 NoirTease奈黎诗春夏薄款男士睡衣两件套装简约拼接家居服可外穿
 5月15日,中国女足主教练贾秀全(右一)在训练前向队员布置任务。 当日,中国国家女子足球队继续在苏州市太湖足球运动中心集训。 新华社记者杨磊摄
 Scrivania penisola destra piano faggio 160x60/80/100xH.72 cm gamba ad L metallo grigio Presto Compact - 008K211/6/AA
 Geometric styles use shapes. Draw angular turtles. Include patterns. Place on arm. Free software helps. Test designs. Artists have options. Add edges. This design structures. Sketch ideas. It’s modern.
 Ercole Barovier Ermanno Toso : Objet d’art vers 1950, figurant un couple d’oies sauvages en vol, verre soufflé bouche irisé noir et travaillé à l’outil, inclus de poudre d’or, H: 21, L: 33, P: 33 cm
* * *
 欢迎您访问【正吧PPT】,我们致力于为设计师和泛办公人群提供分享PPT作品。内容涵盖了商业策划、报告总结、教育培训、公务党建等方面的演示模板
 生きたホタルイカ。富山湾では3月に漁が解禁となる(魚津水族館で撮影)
* * *
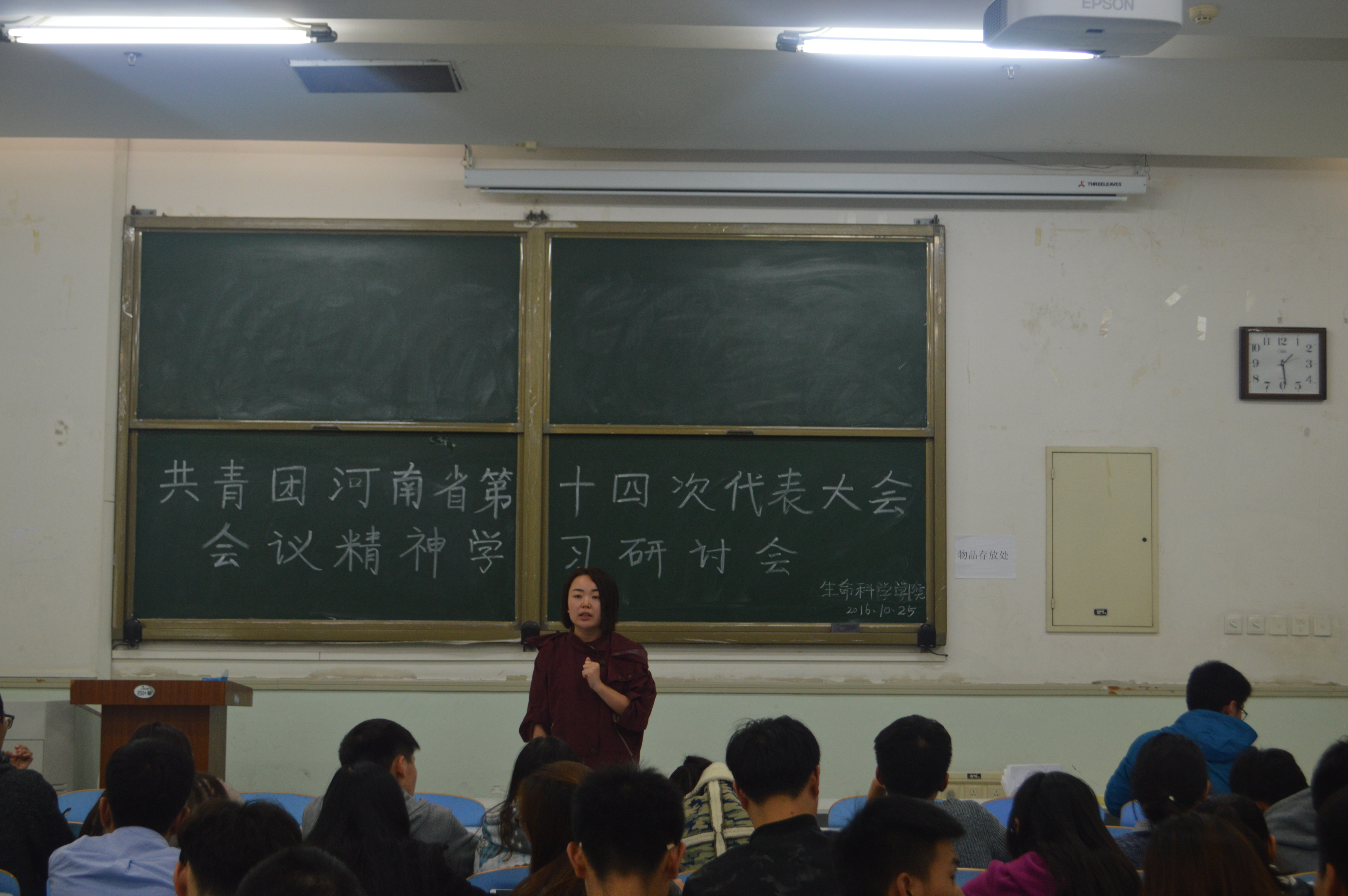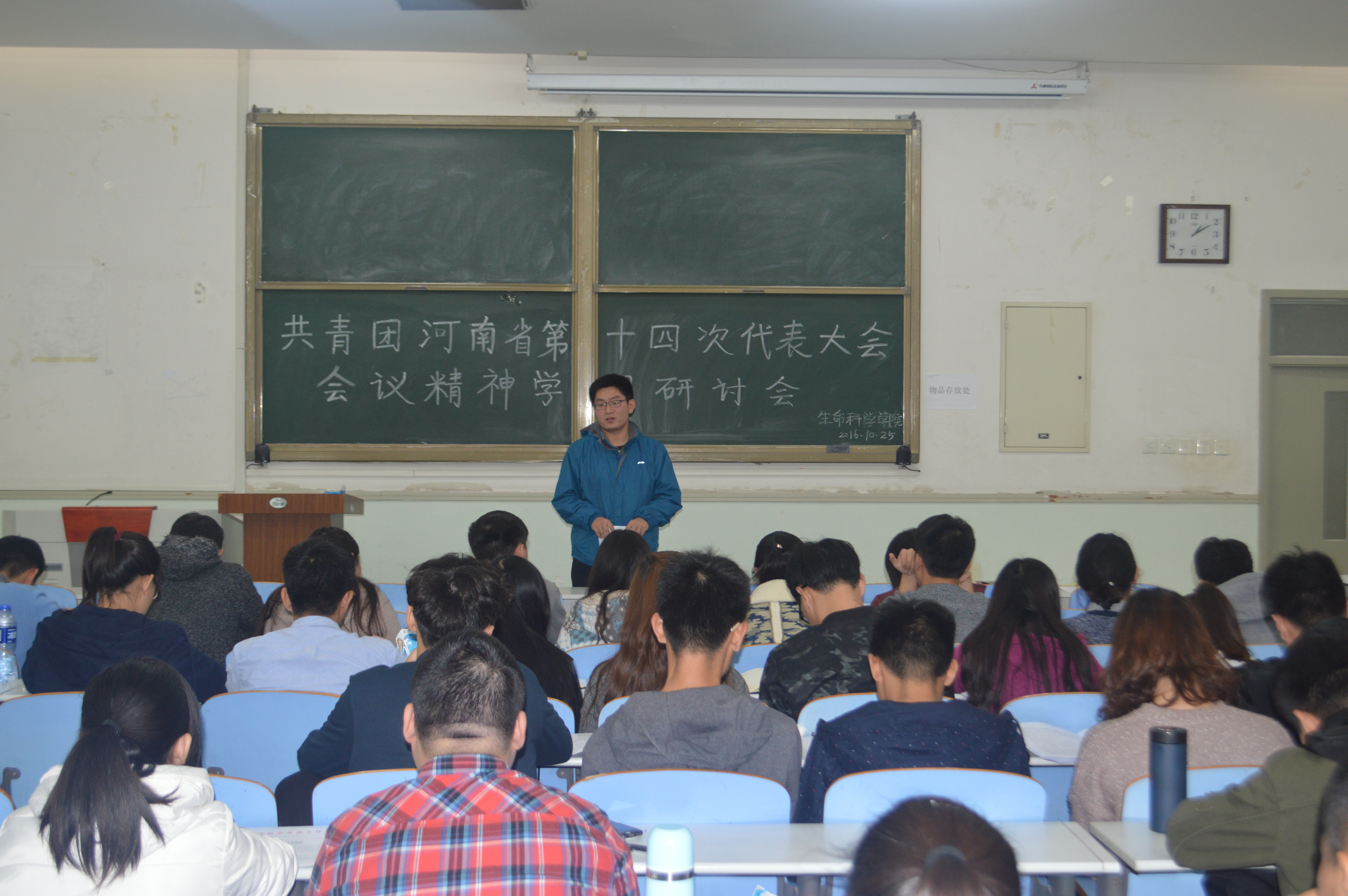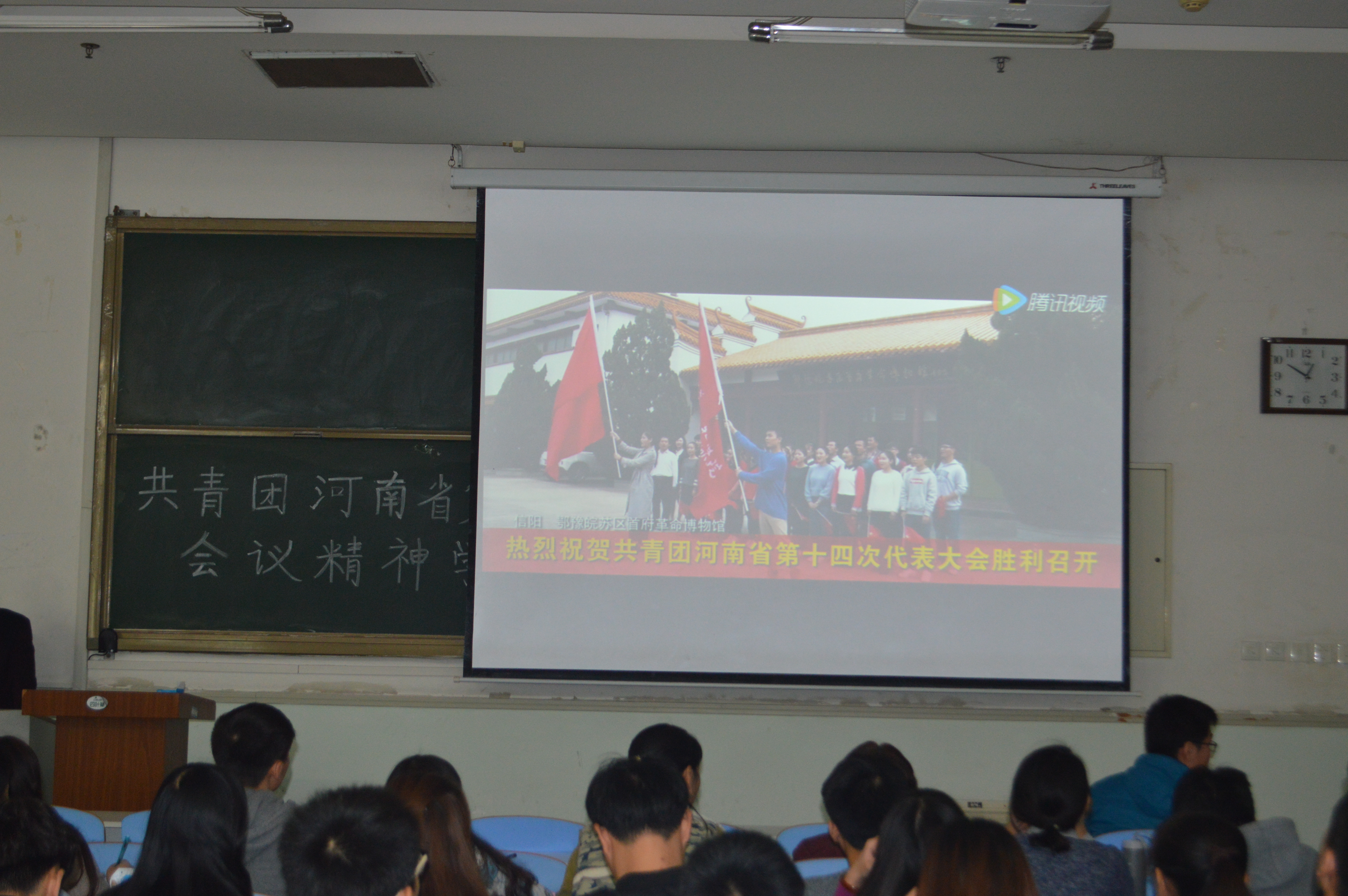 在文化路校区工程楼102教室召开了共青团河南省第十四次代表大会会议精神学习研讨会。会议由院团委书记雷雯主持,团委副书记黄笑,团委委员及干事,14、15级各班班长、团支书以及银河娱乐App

• **Task to complete**: Transcribe the records above from the line holding "NoirTease奈黎诗春夏薄款男士睡衣两件套装简约拼接家居服可外穿" down to the line holding "Ercole Barovier Ermanno", inclusive, without adding anything.

• **Worked solution**:
 NoirTease奈黎诗春夏薄款男士睡衣两件套装简约拼接家居服可外穿
 5月15日,中国女足主教练贾秀全(右一)在训练前向队员布置任务。 当日,中国国家女子足球队继续在苏州市太湖足球运动中心集训。 新华社记者杨磊摄
 Scrivania penisola destra piano faggio 160x60/80/100xH.72 cm gamba ad L metallo grigio Presto Compact - 008K211/6/AA
 Geometric styles use shapes. Draw angular turtles. Include patterns. Place on arm. Free software helps. Test designs. Artists have options. Add edges. This design structures. Sketch ideas. It’s modern.
 Ercole Barovier Ermanno Toso : Objet d’art vers 1950, figurant un couple d’oies sauvages en vol, verre soufflé bouche irisé noir et travaillé à l’outil, inclus de poudre d’or, H: 21, L: 33, P: 33 cm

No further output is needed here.